_Your instructions_
Filter the records below for the word "dieser". Copy each line that holds it.

_Excerpted data_
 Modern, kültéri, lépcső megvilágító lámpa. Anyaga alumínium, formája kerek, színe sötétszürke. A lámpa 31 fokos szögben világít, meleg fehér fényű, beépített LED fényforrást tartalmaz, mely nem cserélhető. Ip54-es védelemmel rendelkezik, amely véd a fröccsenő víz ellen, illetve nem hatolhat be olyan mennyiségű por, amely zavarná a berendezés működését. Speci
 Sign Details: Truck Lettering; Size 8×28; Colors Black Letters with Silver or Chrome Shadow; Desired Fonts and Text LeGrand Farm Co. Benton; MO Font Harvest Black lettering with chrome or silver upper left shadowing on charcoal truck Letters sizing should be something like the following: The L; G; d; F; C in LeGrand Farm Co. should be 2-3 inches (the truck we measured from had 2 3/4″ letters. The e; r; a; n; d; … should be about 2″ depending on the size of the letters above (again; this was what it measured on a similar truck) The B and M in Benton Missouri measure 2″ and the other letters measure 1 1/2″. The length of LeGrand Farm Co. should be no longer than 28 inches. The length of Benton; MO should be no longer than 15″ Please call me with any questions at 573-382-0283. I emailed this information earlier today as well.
---
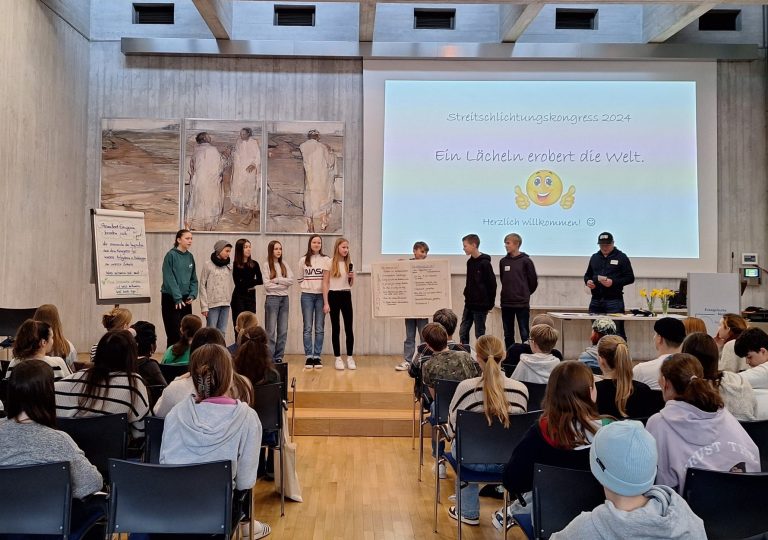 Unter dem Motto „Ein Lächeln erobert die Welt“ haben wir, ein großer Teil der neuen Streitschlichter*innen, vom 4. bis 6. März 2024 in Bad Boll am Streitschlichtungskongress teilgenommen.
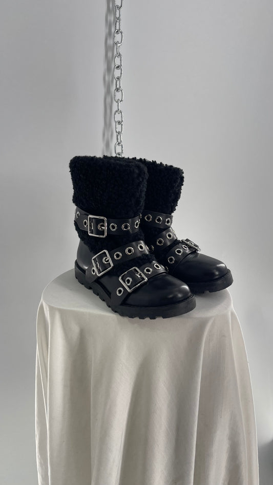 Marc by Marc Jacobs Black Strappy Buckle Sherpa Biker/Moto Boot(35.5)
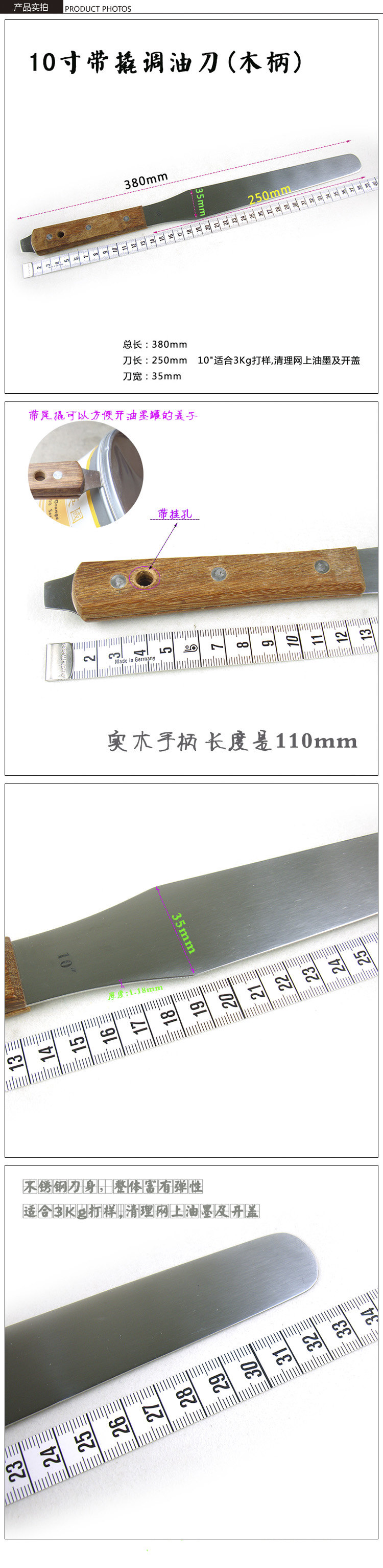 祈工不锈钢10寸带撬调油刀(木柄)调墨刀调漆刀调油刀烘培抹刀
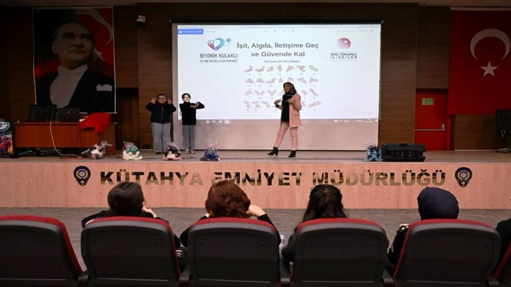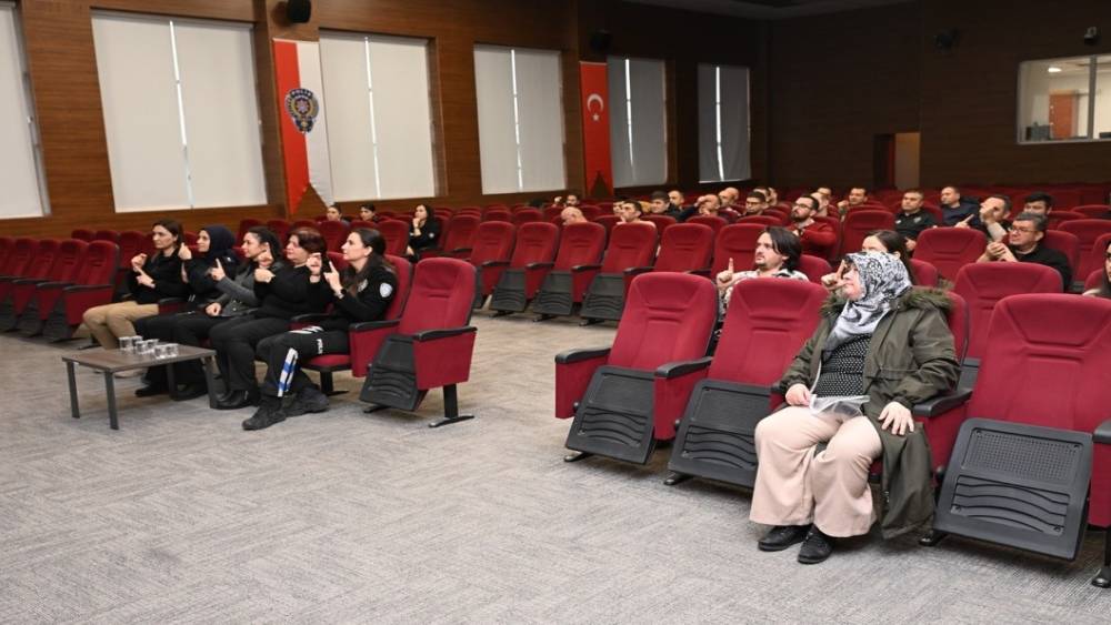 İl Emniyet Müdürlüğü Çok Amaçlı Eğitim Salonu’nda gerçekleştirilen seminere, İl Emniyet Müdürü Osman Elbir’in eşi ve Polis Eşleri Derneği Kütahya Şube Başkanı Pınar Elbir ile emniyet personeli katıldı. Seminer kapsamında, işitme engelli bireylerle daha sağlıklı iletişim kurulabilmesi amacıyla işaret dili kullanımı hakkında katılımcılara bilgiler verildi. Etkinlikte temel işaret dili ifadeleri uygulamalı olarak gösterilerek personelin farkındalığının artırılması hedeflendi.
---
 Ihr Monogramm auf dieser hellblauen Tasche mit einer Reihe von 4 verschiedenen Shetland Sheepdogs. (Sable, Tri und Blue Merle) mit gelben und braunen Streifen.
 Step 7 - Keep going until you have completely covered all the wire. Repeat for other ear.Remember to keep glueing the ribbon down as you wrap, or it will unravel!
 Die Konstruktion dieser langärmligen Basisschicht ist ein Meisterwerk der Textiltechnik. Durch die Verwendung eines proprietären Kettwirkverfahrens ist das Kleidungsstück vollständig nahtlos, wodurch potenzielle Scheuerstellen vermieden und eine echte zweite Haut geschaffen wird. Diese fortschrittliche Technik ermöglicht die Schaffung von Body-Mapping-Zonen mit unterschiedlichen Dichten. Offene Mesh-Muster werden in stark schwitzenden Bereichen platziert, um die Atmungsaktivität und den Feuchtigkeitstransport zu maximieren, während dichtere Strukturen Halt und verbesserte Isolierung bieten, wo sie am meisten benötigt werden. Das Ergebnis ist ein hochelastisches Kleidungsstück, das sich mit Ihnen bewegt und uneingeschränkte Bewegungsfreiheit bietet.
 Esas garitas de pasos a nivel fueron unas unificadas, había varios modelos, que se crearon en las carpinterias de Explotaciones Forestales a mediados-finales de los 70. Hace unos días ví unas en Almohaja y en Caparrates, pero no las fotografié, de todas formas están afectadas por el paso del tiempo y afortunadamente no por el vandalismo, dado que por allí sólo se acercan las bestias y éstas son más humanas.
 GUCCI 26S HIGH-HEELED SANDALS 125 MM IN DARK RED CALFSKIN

_Response to this task_
 Ihr Monogramm auf dieser hellblauen Tasche mit einer Reihe von 4 verschiedenen Shetland Sheepdogs. (Sable, Tri und Blue Merle) mit gelben und braunen Streifen.
 Die Konstruktion dieser langärmligen Basisschicht ist ein Meisterwerk der Textiltechnik. Durch die Verwendung eines proprietären Kettwirkverfahrens ist das Kleidungsstück vollständig nahtlos, wodurch potenzielle Scheuerstellen vermieden und eine echte zweite Haut geschaffen wird. Diese fortschrittliche Technik ermöglicht die Schaffung von Body-Mapping-Zonen mit unterschiedlichen Dichten. Offene Mesh-Muster werden in stark schwitzenden Bereichen platziert, um die Atmungsaktivität und den Feuchtigkeitstransport zu maximieren, während dichtere Strukturen Halt und verbesserte Isolierung bieten, wo sie am meisten benötigt werden. Das Ergebnis ist ein hochelastisches Kleidungsstück, das sich mit Ihnen bewegt und uneingeschränkte Bewegungsfreiheit bietet.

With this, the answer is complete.